To cut a long story short, it is that illogical collocation of the noun and adjective that makes the translation of "skrót myślowy" into English almost impossible.


----------



## PA_System

Nie zgodzę się. Czasami myśl da się skrócić. Dzieje się to wtedy, gdy wyrażenie jej w całej okazałości, absolutnie od A do Z, wymagałoby poświęcenia zbyt dużej ilości czasu. 

Dzisiaj mi się to przytrafiło na innym portalu. Użyłem skrótu myśliwego i to całkiem intuicyjnie, wręcz podświadomie. 

Otóż, dyskutowałem z osobą A na temat słowa krytykować, co wynikło z tego, że wcześniej osoba Z wypowiadała się na temat jakiegos filmu, mówiąc "mnie się nie podoba, ale nie krytykuję". Osoba X stwierdziła, że gdybyś nie krytykował to byś siedział cicho, więc krytykujesz. Osoba A na to odpowiedziała, że słownikowo "krytykować" oznacza właśnie wyrażać opinię, na co zwróciłem uwagę, że właśnie słownikowo oznacza wytykać błędy, oceniać negatywnie. Osoba A na to, że cos się musiało zmienić na przestrzeni lat, bo pamięta, że słownikowo kiedyś oznaczało wyrażać opinię, podając za argument, że nawet w łacinie  słowo od którego pochodzi "krytykować", oznacza wyrażać opinię. Ja na to, że nic się nie zmieniło i że zawsze tak było i że jedynie w szczególnych kontekstach krytyka jest wyrażeniem opinii. Osoba A wytknela mi sprzeczność. Niestety nie poznałem uzasadnienia tego oskarżenia, bo osoba ta już się nie odezwała. Mogę się jedynie domyślać, że chodziło o to, że powiedziałem, że ZAWSZE tak było, czyli w jego mniemaniu zawsze od kiedy tylko słowo "krytykować" weszło do polszczyzny. Oczywiście miałem na myśli to, że zawsze na przestrzeni ostatnich lat, a nie od samego początku kształtowania się języka. 
Nie wiem, czy powyższy opis pozwala w pełni zrozumieć tę sytuację, ale wydaje mi się właśnie, że można to określić mianem "skrótu myślowego".


----------



## koper2

Krytyk filmowy, teatralny, etc., może krytykować pozytywnie lub negatywnie. Jeśli krytykuje pozytywnie dzieło filmowe, spektakl teatralny, to nie nazywamy go chwalcą, apologetą, tylko nadal nazywamy go krytykiem.


----------



## PA_System

Ty tak na poważnie?


----------



## koper2

Tak.


----------



## PA_System

Przedstawiasz bardzo niski poziom prowadzenia dyskusji. 

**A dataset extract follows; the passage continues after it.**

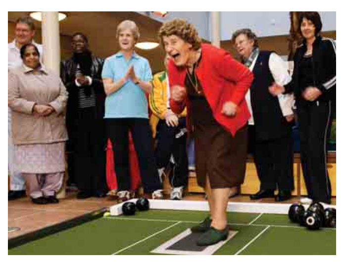
Indoor bowls is always popular

What's more, our hospitality services are on hand to make life easier and give you more time to enjoy life. We can offer help with domestic chores like shopping, ironing, laundry and cleaning, and those D.I.Y. jobs around the home, on a pay as you go basis.

Wyraźnie napisałem, że w szczególnych kontekstach "krytykować" może być równoznaczne z wyrażanie opinii. Po co więc banał powyżej? Już nie wspominając, że słowem nie odniosłeś się do meritum.


----------



## koper2

PA_System said:


> Przedstawiasz bardzo niski poziom prowadzenia dyskusji.


Możliwe, uważam, że spora część tych rozważań to zbyteczne i przesadne "hairsplitting".


----------



## PA_System

Aha, i po prostu odczuwałeś nieodpartą żądzę, żeby się wypowiadać w tym watku, mimo że nie masz nic konkretnego do wniesienia. 

Talk about logic.


----------



## koper2

PA_System said:


> Aha, i po prostu odczuwałeś nieodpartą żądzę, żeby się wypowiadać w tym watku, mimo że nie masz nic konkretnego do wniesienia.
> 
> Talk about logic.


Czuję się skrytykowany, może słusznie, nie jestem do końca o tym przekonany. Każdy ma prawo do swojej opinii. Jeśli mój niski poziom dyskusji istotnie jest taki to przyjmuję to ze zrozumienim i nie będę się dalej angażował w tę rozmowę.


----------



## PA_System

Dzięki za zrozumienie.


----------



## Ben Jamin

jasio said:


> Raczej logiczne, bo polega na fragmentarycznym przedstawieniu wnioskowania albo na założeniu, że inni podzielają nasze założenia.
> Definicja skrót myślowy w języku polski
> 
> 
> Gazeta Wyborcza, jako medium zaangażowane politycznie i programowo wrogie obozowi, w którym jest Gowin, ma żywotny interes w tym, żeby przedstawiać przedstawicieli obozu rządzącego jako kłamców, idiotów i złodziei - bez względu na to, czy w danym, konkretnym, przypadku jest to zgodne z prawdą. Dlatego nie traktowałbym ich wypowiedzi jako miarodajnych językowo. To raczej chwyty erystyczne.
> 
> 
> Choćby to, że na tle innych kultur europejskich w tym samym okresie kobiety w Polsce miały szczególnie silną pozycję i były otoczone szczególnym szacunkiem. I to akurat jest prawda - przynajmniej do lat 70 ubiegłego wieku. Ale taka rola polemisty, żeby "nie rozumieć", to wtedy przynajmniej można się nie zgodzić. A to, że 100 lat temu było to daleko niewystarczające, jak na oczekiwania p. Jucewicz, to już inna historia.
> 
> Ale tak naprawdę, należałoby zapytać Gowina, co dokładnie miał na myśli.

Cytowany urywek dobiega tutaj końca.